+++ Data for review +++
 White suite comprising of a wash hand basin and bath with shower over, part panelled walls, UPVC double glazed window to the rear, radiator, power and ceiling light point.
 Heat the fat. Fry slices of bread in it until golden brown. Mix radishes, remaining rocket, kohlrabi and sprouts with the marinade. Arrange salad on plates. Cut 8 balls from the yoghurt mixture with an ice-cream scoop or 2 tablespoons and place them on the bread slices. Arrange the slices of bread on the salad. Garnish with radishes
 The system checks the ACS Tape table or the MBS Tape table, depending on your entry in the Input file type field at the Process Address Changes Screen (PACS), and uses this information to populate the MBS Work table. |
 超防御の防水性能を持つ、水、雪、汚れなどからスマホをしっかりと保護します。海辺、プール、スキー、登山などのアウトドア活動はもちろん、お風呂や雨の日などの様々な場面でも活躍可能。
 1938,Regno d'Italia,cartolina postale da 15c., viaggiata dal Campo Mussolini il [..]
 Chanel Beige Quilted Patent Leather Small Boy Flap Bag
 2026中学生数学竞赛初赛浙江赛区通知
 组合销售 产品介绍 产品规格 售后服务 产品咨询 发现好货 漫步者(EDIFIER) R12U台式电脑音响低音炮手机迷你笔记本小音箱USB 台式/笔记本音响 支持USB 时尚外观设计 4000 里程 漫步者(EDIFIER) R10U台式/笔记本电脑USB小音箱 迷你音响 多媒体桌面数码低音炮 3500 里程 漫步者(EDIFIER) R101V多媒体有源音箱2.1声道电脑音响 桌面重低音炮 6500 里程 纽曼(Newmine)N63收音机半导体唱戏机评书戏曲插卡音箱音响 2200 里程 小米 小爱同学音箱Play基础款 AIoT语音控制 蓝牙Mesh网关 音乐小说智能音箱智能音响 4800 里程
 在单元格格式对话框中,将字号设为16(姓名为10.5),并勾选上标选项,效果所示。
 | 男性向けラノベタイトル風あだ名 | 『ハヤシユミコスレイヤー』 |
+++
## [Work instructions]
Give back exactly the lines running from the line that has "Chanel Beige Quilted" to the end of the entries above.

## [Task output]
 Chanel Beige Quilted Patent Leather Small Boy Flap Bag
 2026中学生数学竞赛初赛浙江赛区通知
 组合销售 产品介绍 产品规格 售后服务 产品咨询 发现好货 漫步者(EDIFIER) R12U台式电脑音响低音炮手机迷你笔记本小音箱USB 台式/笔记本音响 支持USB 时尚外观设计 4000 里程 漫步者(EDIFIER) R10U台式/笔记本电脑USB小音箱 迷你音响 多媒体桌面数码低音炮 3500 里程 漫步者(EDIFIER) R101V多媒体有源音箱2.1声道电脑音响 桌面重低音炮 6500 里程 纽曼(Newmine)N63收音机半导体唱戏机评书戏曲插卡音箱音响 2200 里程 小米 小爱同学音箱Play基础款 AIoT语音控制 蓝牙Mesh网关 音乐小说智能音箱智能音响 4800 里程
 在单元格格式对话框中,将字号设为16(姓名为10.5),并勾选上标选项,效果所示。
 | 男性向けラノベタイトル風あだ名 | 『ハヤシユミコスレイヤー』 |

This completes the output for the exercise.